Amy Doggett, Cherelyn Rodgers, Joanna Poehl, Laura Glod, Tracy Grigsby
Finance for Business – FIN 370
Brenda Jaber
University of Phoenix
December 22, 2008
The Walt Disney Company: Strategic Initiative Most successful organizations practice strategic planning. These organizations benefit not only from having a plan, but also from the planning process itself. The plan is the road map to success, and the planning process unites organizational leadership and enhances the communicating of critical company information. Today’s volatile marketplace demands that employees, work groups, and organizations have a clear understanding of their roles, the products and services they offer, and the processes they use to navigate opportunity to create an outcome-based organization culture.

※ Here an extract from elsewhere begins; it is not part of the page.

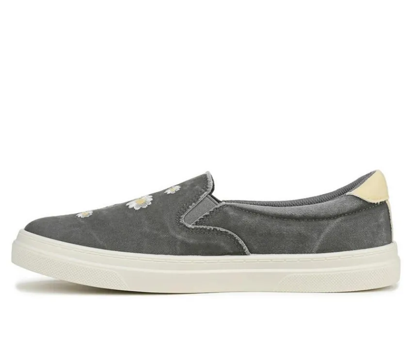 This casual sneaker brings relaxed styling with an easy, no-fuss design. A fabric or canvas upper pairs with a clean round toe for everyday wear. Stretch gore panels provide comfortable entry without laces. Embroidered detailing adds subtle personality to the silhouette. Finished with a flat sole suited for daily activity.

The Benefits In the face of rapid change, organizations have realized they cannot compete on a global basis without a strategic plan that encourages innovation and creates knowledge internally and that builds customer loyalty to their products and services. A strategic plan provides the path an organization will take in the future. Future planning helps to determine (whether a company will stay on course or follow a different direction ran in the past); the predictions of how the marketplace, customer base, and product line will change or react to the future; and the calculated risk that the organization will need to bear to move in that direction. During strategic planning, organizations set their priorities for the next two to five years and identify how major resources are allocated. If done correctly, the strategic plan should be a document that motivates employees to achieve the plan’s stated goals and tactics. When realignment or redirection takes place, the plan explains the change and refocuses the organization’s efforts by redefining the organizational goals and major tactics.